Otherwise he paced through the house and along the porch, or went outside to do the same when Deirdre finally got too irritated with the noise and yelled at him to stop making such a racket. She’d gotten more irritable after the confrontation with the sorcerer and not being able to figure out what kind of fucked up magic lingered on Silas. Dodge had his own theories on why the witch was hard to be around, but it wasn’t his business and he wasn’t about to offer an opinion on the alpha’s mate.
He shook his head and headed for the front door, trying to escape another of Evershaw’s rampages about finding the sorcerer and making him pay for attacking the pack. Dodge missed Henry’s steadying presence; the pack’s third-in-command had retreated to Montana after his familial pack asked for his help, but the son of a bitch left a hole in the SilverLine pack that they apparently expected Dodge to fill. He clenched his jaw and whipped the door open. No way. Not his thing. He’d had enough of being in command, being responsible for other people’s lives. He just wanted a quiet life, no responsibility, no more threats or death or blood.
Dodge nearly steamrolled right through a tall young woman in a stuffy business suit who stood right outside the door. He slammed on the brakes so he didn’t knock her ass down, and gripped the door to keep from growling out of sheer irritation and shock. Her dark eyes widened considerably when she saw him, so he must have scared the shit out of her. She scrambled back, or tried to – Cricket, the witch’s damn mountain lion of a house-cat, had made himself a nuisance like usual and tangled up her feet.
Or maybe it was the fancy high heels she wore that threw off her balance. Either way, her arms windmilled and she threw a leather-bound folio at him as she pitched backward.
Dodge could have let her fall, sinceshewas the one who’d been hanging around on the wrong side of someone else’s door, but he wasn’t usually a dick to women. So he leaned forward and caught the front of her shirt in his fist, hauling her back upright.
She blinked, breathing hard, and stared at him.
He stared right back, unmindful that he still held onto her pretty blouse and no doubt wrinkled the shit out of it with his grip. At least he hadn’t caught her bra by accident. Or torn something off completely. He arched his eyebrows. “Can I help you?”
Her face turned red, as did every visible inch of skin across her chest and throat. She cleared her throat a few times, then brushed at the front of her shirt – dislodging his hand. She wobbled a bit on her heels, then bent to retrieve the folio that had nearly dented Dodge’s chest. Her voice, low and throaty, didn’t match the prim and proper exterior. “I’m the architect. Mr. Evershaw called about a habitat to be built. We had an appointment at ten.”
Her voice was meant for dirty jokes over a poker table, maybe dirtier talk fucking on a pool table. She had the body for it, too, and it was even more intriguing because she hid it with the charcoal gray suit and pretty pearls and subtle diamond earrings. Trying to wear a uniform so shitheads like him didn’t leer at her as she was trying to do her job. He tilted his head at the interior of the house and held the door open wider, stepping back to invite her in. “I’ll get him. Come in. Watch out for the cat.”

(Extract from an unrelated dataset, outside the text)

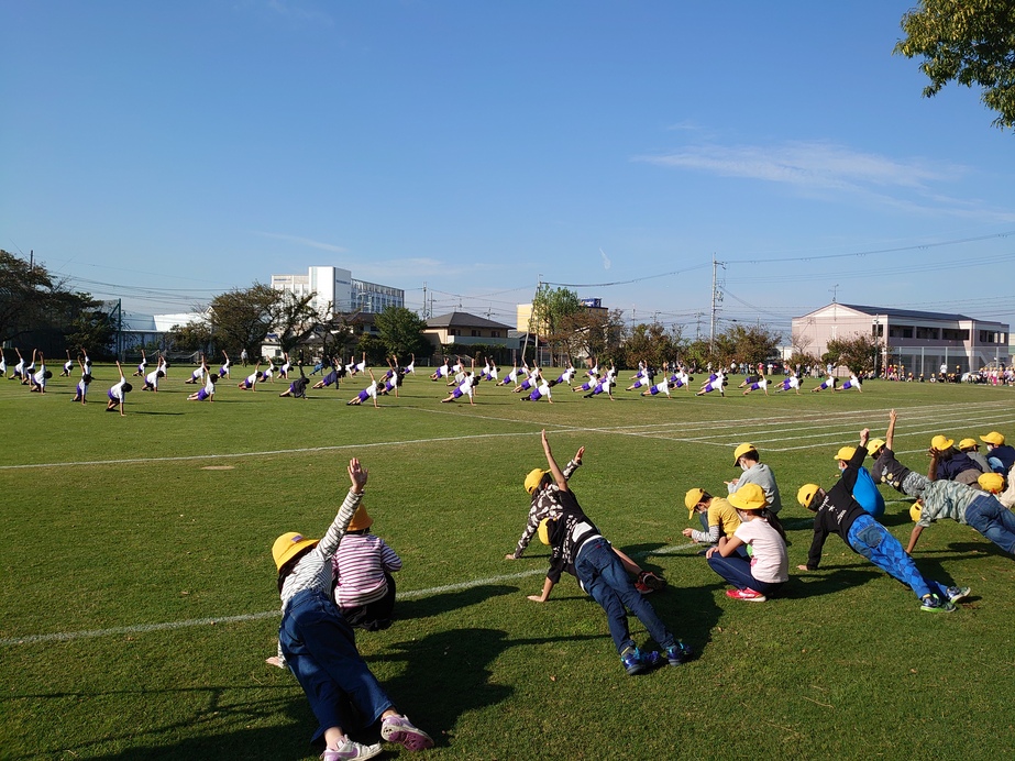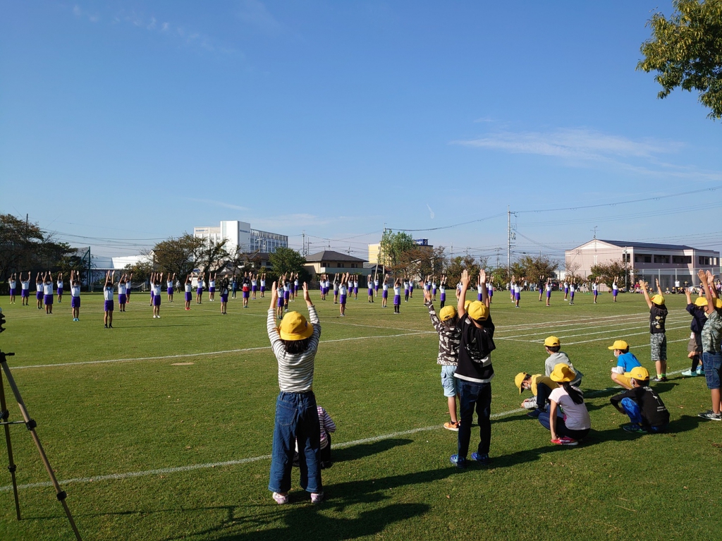 子どもたちは、6年生の動きをマネしながら楽しく見学していました。

She eyed him with clear distrust, but apparently Cricket approved of her, because the cat trotted inside and hopped onto his favorite loveseat to lash his tail and knead the pillows into pin-pricked, down-spilling wrecks. The girl swallowed and maneuvered through the open door, brushing past him without a second glance. He closed his eyes briefly as the scent of her perfume drifted past him – subtle and understated elegance, perfectly matched to the pearls and the demure click-click of her heels.